■ Work instructions:
No pictures belong in the copy. Retype exactly, and only, the stretch of lines below from the one with "图为拉萨大昭寺僧人向来访嘉宾敬献哈达。 中新社记者 江飞波 摄" through the one with "The aim of this".

Data records:

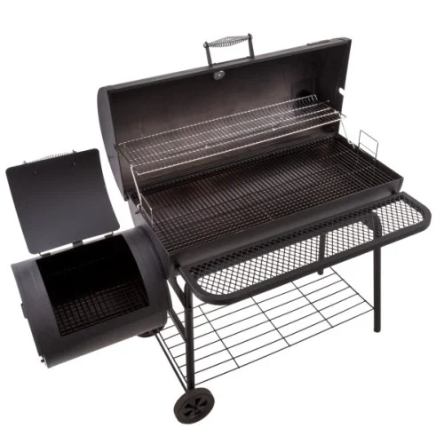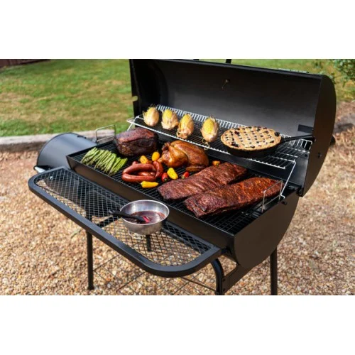 Disfrute de una experiencia de ahumado y asado tradicional con el ahumador 1280 Offset Smoker de gran capacidad. Tres rejillas revestidas de porcelana y una rejilla secundaria cromada le ayudarán a sacar el máximo partido de su enorme superficie total de cocción de 1.280 pulgadas cuadradas. Varias compuertas para controlar fácilmente el calor y el humo. Indicador de temperatura montado en la tapa para controlar el calor. Bandeja de carbón ajustable en altura en cuatro niveles para cocinar con versatilidad. Tapa con asa de tacto frío. Tres rejillas de cocción revestidas de porcelana resistentes al óxido. Puerta de la cámara de combustión para retirar las cenizas. Ruedas para facilitar la movilidad. Dimensiones externas: 153 cm de largo x 72 cm de profunidad x  130 cm de alto
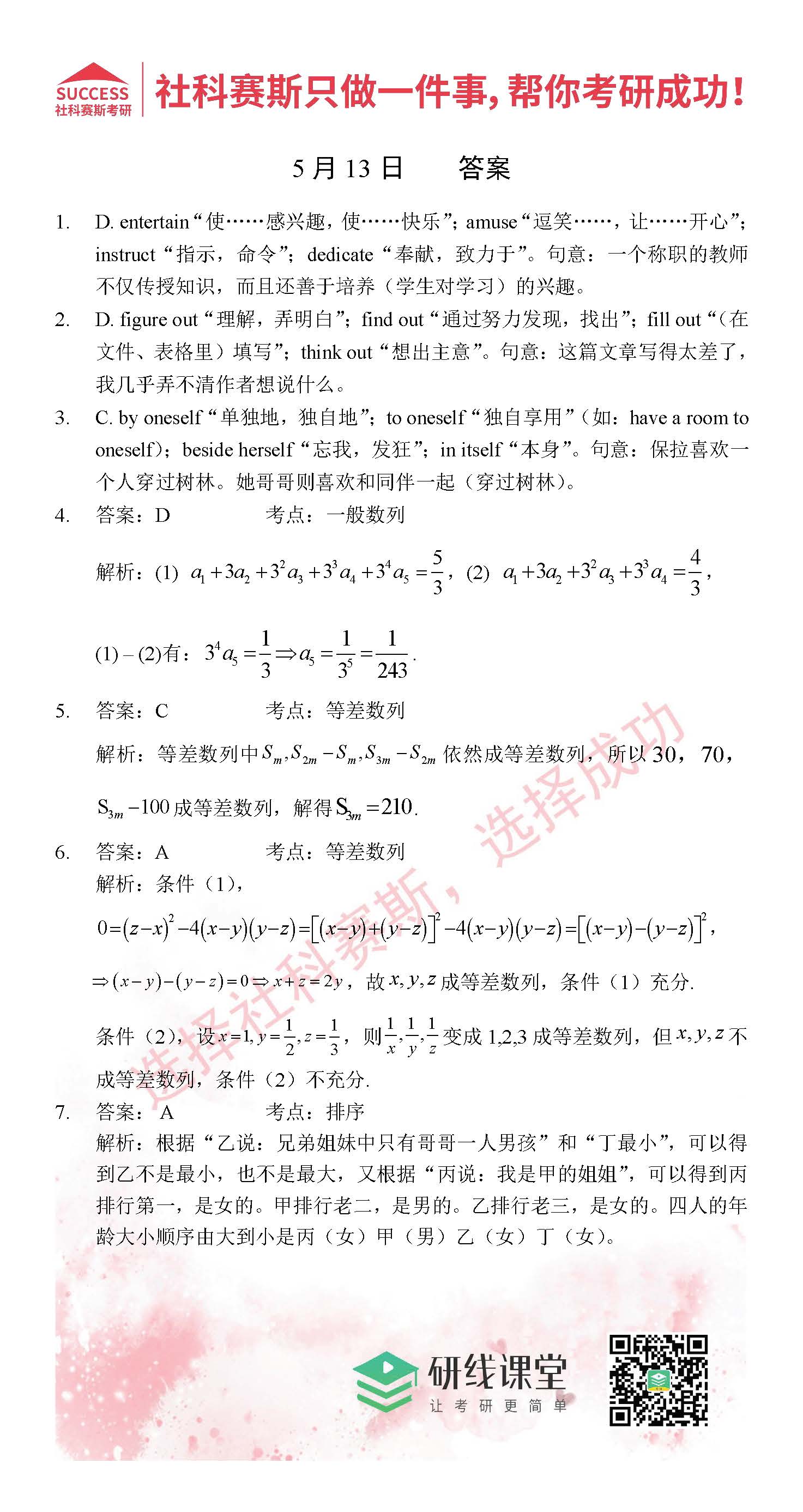 首頁> 管理類聯(lián)考每日一練 > 2021管理類聯(lián)考5月13日每日一練及答案
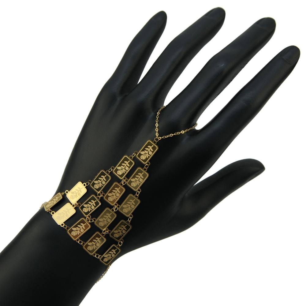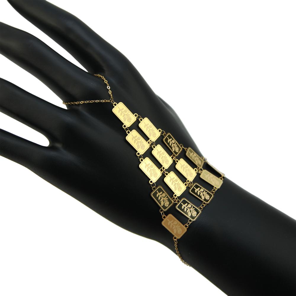 تميّزي بإطلالة فريدة مع كف "لمسة المستطيل" المصنوع من ذهب عيار 21، بتصميم متدرج من وحدات مستطيلة منقوشة بزخارف أنيقة تتصل بانسيابية لتزين اليد والمعصم بأسلوب فاخر.
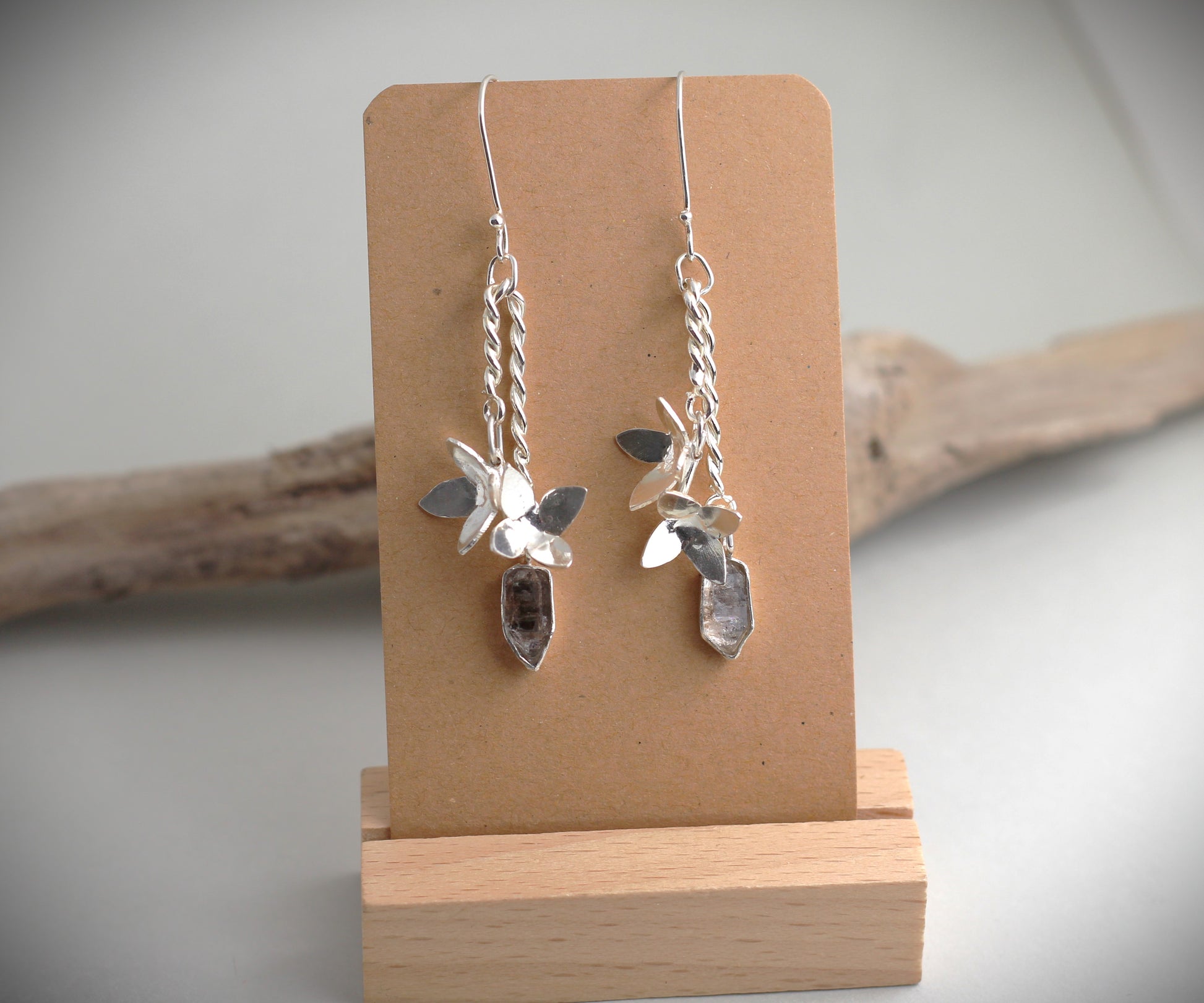 Erleben Sie die faszinierende Verbindung aus Natur und geologischer Seltenheit. Diese handgefertigten Silber-Ohrhänger bestechen durch einfache Blüten-Elemente und einem klaren Bergkristall mit echten Petroleumeinschlüssen.
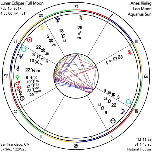 Friday’s Full Moon eclipse in Leo makes for another dynamic lunation, with Uranus, Eris and Saturn emphasized. The eclipse degree is 22 Leo, the same degree that Eris occupies in Aries, so that this distant but powerful planetary archetype for finding inner intention is once again emphasized. So too, once again, is trickster Uranus. The planet of unexpected events and surprising enlightenment is drawing ever closer to Eris, perfecting next month, so that little more than a degree separates them. Therefore Uranus is getting a tremendous boost over this next six weeks or more; unexpected events continue to be the norm. This was very evident recently in the local political scene in this country, when an executive order from the White House banning strictly legal immigration from seven predominately Muslim countries faced opposition from business leaders and states’ Attorneys General, as difficult, costly, and fundamentally unconstitutional This created a dramatic situation with many ups and downs that continues to have the whole world on the edge of their seats. Then, too, for even more evidence of strange and unexpected occurrences, one need to look no further than the recent celebrated super bowl event in Houston, where many records were shattered in the touch-and-go ending that allowed the New England Patriots team to emerge from a 25-point deficit to win an unprecedented overtime victory.
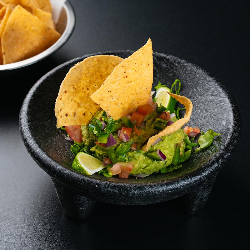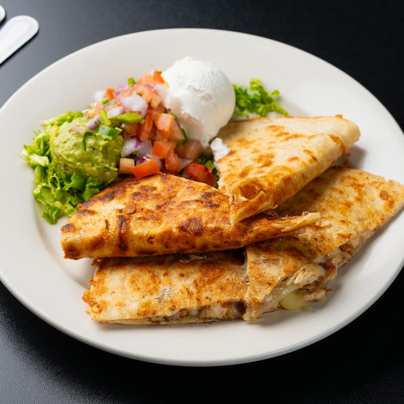With guacamole con pico de gallo and sour cream, mozzarella cheese
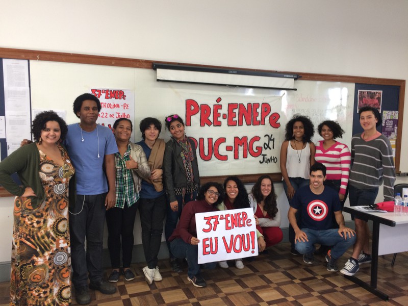 A tarde iniciamos o Pré-ENEPe PUC-MG, e com auxílio da Cartilha de Estudos preparada pela CO do 37º ENEPe, fizemos uma boa discussão sobre a situação política e o papel dos estudantes de pedagogia, repassamos o histórico de lutas da pedagogia bem como aprofundamos a discussão sobre o pedagogo unitário e a relação das DCNs de 2006 com as atuais reformas curriculares.
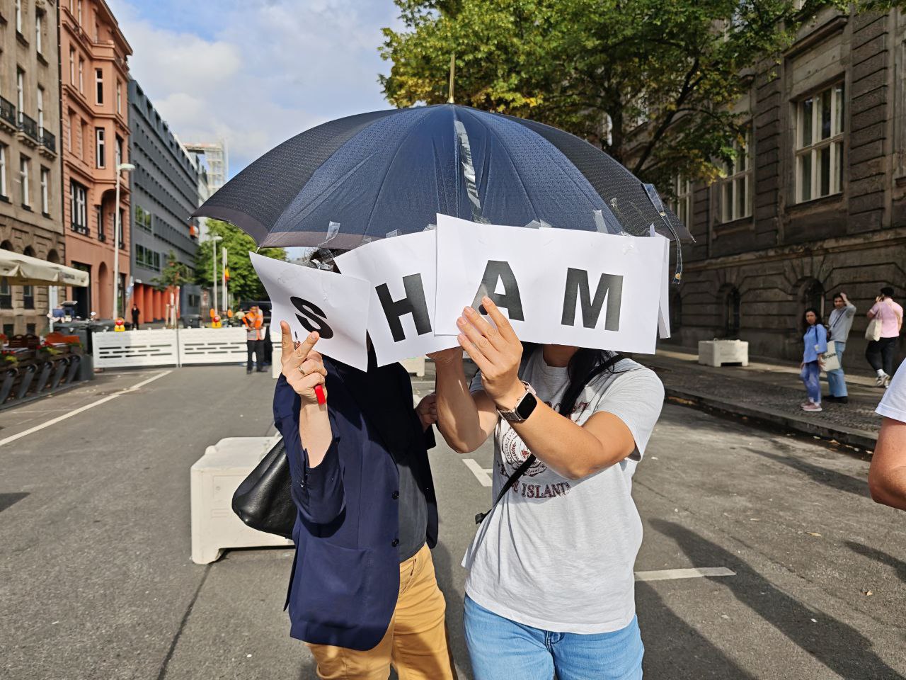 Протестувальники вигукували німецькою та англійською “Ганьба”, “Жодної сцени для прихильниці Путіна”, “Росія – терористична держава” тощо. Ведучі проголошували, що надавати сцену прихильниці Путіна – ганебно, що культура – це теж політика. Розповідали німецькою, як Нетребко приймала нагороди з рук очільника держави-агресорки, як у 2012 році публічно підтримала Путіна на президентських виборах, як жертвувала гроші для ДНР.
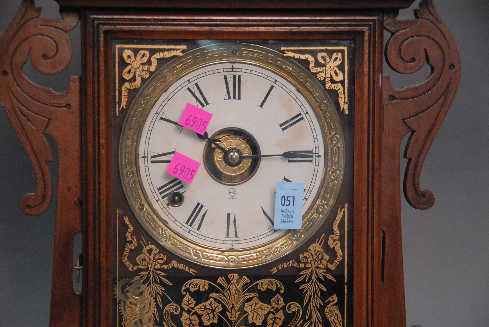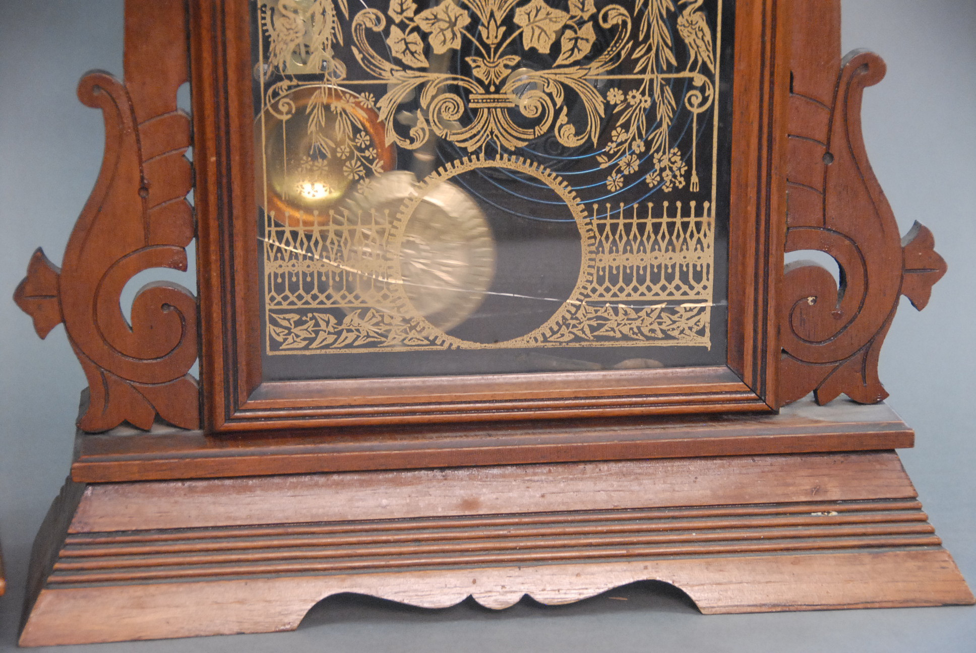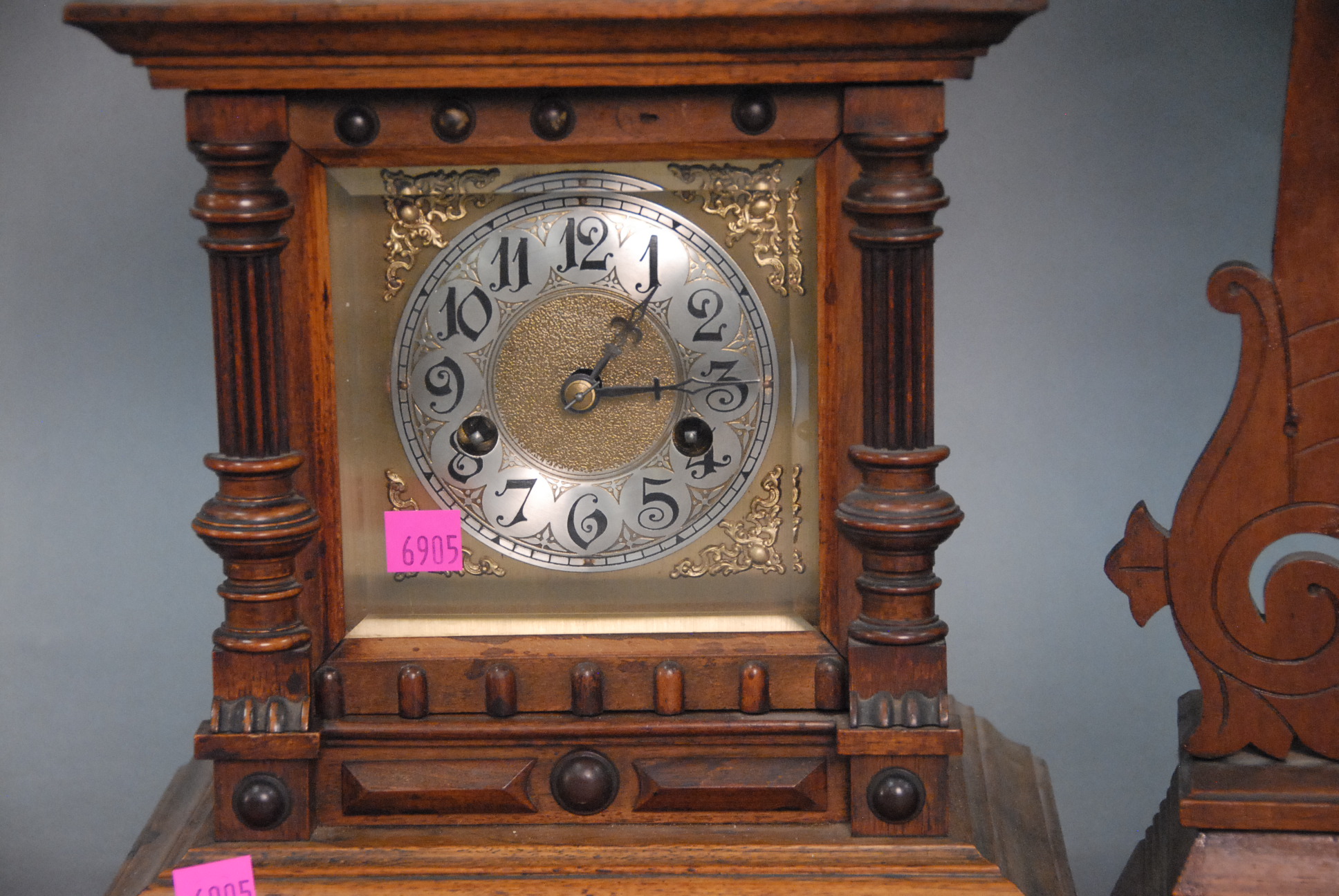Lot 51: Two shelf clock including German walnut shelf clock and walnut Victorian shelf clock, one glass cracked.
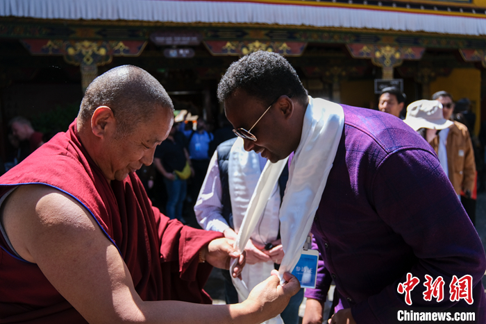 图为拉萨大昭寺僧人向来访嘉宾敬献哈达。 中新社记者 江飞波 摄
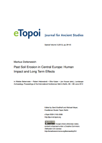 The aim of this paper is to review studies on past soil erosion in small catchments of central Europe and highlight the long-term feedback perspective of such erosion and sedimentation processes with regard to an ecosystem, including socio-economic and human impact. It is based on an earlier review paper by Dotterweich but includes more recent research obtained in the past 4 years. It concentrates on the reconstruction of the long-term soil erosion history, including rare extreme events, by analysing erosional sites and colluvial deposits on foot slopes, dry valleys, and fans in small 0-order catchments pedologically as well as sedimentologically. Alluvial deposits of small tributaries and lake sediments were also incorporated. Extreme events seem to be particularly important factors, playing a key role in the evolution of past human-environment systems. Such data sets are also essential to calibrate or enhance existing soil erosion models to obtain regional soil loss estimates, which are critical in creating more sustainable land use systems in changing climatic conditions, and with progressively mounting pressure to intensify land use.
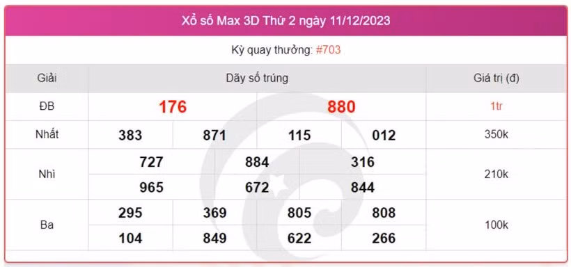 Giải Ba: trùng khớp 3 số, giải thưởng trị giá 30.000 đồng.

■ Finished exercise:
 图为拉萨大昭寺僧人向来访嘉宾敬献哈达。 中新社记者 江飞波 摄
 The aim of this paper is to review studies on past soil erosion in small catchments of central Europe and highlight the long-term feedback perspective of such erosion and sedimentation processes with regard to an ecosystem, including socio-economic and human impact. It is based on an earlier review paper by Dotterweich but includes more recent research obtained in the past 4 years. It concentrates on the reconstruction of the long-term soil erosion history, including rare extreme events, by analysing erosional sites and colluvial deposits on foot slopes, dry valleys, and fans in small 0-order catchments pedologically as well as sedimentologically. Alluvial deposits of small tributaries and lake sediments were also incorporated. Extreme events seem to be particularly important factors, playing a key role in the evolution of past human-environment systems. Such data sets are also essential to calibrate or enhance existing soil erosion models to obtain regional soil loss estimates, which are critical in creating more sustainable land use systems in changing climatic conditions, and with progressively mounting pressure to intensify land use.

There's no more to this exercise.